¿Cómo estar preparado si cambian al jefe?

Conocer las expectativas sobre tu puesto e identificar su estilo de trabajo facilitan la etapa de transición, además de disminuir los errores de comunicación.
Un nuevo jefe  suele ir asociado a cambios en los procesos de trabajo.  (Foto: iStock by Getty Images)
Ivonne Vargas
CIUDAD DE MÉXICO (Expansión) -

Tener un nuevo jefe es una experiencia que tarde o temprano se enfrenta a nivel laboral y para lo cual no se suele estar preparado.
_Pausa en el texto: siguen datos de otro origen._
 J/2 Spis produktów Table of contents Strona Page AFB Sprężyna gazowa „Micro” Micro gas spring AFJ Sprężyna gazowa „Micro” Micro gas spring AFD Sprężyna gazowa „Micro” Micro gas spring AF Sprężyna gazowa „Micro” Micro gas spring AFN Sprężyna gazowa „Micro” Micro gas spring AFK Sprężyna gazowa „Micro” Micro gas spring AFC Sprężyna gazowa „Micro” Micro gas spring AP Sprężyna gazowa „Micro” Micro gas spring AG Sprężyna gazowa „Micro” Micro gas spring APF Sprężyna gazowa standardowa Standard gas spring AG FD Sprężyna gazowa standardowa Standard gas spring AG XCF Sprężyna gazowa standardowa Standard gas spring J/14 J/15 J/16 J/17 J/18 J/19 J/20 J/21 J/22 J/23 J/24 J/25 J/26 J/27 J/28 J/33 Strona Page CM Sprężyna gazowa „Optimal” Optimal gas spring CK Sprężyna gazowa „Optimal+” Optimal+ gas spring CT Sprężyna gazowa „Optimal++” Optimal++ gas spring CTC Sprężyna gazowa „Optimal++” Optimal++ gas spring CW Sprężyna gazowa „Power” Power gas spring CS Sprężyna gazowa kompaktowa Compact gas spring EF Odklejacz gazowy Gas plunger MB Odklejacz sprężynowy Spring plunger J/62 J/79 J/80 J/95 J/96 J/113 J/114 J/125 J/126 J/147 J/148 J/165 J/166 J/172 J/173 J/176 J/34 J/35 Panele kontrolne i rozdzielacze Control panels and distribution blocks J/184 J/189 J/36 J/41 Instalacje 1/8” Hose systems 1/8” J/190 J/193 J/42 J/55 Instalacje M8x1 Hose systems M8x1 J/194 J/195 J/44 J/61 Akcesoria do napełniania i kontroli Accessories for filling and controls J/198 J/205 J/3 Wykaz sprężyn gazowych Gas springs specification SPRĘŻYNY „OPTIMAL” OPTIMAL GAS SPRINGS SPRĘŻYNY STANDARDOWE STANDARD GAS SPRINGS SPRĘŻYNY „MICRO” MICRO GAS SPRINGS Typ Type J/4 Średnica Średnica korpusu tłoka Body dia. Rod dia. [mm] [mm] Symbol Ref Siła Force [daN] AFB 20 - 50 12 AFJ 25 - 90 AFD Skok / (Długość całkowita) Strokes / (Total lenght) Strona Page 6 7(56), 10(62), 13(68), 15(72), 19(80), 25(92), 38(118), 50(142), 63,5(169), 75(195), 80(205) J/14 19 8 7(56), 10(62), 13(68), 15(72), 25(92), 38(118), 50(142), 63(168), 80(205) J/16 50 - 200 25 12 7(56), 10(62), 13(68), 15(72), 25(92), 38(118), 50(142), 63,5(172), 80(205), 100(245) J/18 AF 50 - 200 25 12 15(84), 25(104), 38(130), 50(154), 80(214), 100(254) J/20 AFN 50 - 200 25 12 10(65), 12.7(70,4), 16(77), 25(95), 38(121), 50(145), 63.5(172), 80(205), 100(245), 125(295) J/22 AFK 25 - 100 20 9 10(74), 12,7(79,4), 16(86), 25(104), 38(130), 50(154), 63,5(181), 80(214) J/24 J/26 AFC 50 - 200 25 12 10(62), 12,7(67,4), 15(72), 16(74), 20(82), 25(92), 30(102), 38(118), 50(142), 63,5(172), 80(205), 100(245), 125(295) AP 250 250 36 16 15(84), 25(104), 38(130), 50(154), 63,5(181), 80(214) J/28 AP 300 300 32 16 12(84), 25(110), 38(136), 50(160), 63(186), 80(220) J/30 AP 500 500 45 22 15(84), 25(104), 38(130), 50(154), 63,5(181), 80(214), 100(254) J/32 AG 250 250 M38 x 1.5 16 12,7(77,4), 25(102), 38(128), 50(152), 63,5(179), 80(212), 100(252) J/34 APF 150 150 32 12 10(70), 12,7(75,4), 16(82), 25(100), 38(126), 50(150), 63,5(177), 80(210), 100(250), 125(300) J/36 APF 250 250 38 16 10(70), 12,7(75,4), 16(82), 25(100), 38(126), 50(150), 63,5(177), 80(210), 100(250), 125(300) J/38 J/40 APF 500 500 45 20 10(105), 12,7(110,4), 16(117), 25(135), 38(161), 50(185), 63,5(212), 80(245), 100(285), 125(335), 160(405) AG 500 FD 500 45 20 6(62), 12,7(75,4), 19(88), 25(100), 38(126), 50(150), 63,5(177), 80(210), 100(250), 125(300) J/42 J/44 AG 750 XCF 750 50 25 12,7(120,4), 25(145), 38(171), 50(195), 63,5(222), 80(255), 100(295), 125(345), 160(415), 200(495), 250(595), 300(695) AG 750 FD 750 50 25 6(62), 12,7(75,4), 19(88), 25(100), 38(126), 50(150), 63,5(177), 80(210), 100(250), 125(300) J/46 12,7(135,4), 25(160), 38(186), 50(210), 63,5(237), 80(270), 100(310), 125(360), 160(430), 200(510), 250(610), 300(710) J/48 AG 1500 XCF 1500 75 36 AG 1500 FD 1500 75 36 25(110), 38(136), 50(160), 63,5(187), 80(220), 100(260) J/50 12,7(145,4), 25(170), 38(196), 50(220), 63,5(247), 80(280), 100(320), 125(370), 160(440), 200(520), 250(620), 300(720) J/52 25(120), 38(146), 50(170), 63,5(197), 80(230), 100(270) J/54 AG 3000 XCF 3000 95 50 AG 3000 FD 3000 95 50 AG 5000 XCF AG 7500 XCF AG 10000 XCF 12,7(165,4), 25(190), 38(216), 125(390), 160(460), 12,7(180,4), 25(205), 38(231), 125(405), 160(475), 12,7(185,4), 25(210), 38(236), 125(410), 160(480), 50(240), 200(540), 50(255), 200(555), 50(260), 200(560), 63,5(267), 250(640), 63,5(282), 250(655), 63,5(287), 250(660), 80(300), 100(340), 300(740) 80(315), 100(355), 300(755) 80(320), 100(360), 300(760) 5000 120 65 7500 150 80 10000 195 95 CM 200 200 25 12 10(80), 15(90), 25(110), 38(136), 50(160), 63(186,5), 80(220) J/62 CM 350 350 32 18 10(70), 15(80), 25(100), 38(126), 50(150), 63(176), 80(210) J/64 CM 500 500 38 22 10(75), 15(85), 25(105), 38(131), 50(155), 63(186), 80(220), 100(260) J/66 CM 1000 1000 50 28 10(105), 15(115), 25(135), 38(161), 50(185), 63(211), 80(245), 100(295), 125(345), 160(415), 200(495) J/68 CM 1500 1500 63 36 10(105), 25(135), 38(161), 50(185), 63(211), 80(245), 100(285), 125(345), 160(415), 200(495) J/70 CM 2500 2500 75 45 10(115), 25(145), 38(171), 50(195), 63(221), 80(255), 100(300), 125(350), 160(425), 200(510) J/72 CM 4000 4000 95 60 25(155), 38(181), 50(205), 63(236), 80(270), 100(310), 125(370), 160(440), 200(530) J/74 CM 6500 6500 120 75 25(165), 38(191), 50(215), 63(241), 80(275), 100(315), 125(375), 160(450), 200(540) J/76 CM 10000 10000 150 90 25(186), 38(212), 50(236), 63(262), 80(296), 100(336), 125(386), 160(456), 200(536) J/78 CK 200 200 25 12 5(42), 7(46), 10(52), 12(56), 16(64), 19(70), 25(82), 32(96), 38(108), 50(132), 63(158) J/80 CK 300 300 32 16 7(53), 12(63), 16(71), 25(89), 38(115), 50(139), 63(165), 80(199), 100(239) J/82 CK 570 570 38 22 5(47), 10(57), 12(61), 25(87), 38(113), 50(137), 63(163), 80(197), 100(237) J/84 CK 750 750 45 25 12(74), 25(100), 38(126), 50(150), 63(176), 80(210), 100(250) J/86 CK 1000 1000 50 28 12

Es más, 90% de las veces ni siquiera se tiene detectado cómo difundir la noticia entre los empleados para preparar la reacción ante nuevas formas de trabajo, explica José Luis Martínez, coach asociado de la firma Expandiendo.

Tomar la iniciativa para entender qué expectativas se tiene sobre tu desempeño es importante, en especial si la empresa vive periodos de fuerte rotación y uno es susceptible a cambios, dice Patricia Noriega Martínez, psicóloga adscrita a la UNAM y especialista en atracción de talento.

En México las industrias con mayor rotación son servicios, manufactura y telecomunicaciones. El Índice de Estabilidad de Personal (personas con tres años de antigüedad) es, incluso, menor en el país: 76.9% frente a 82.4% a nivel internacional, según datos del informe Saratoga de PwC.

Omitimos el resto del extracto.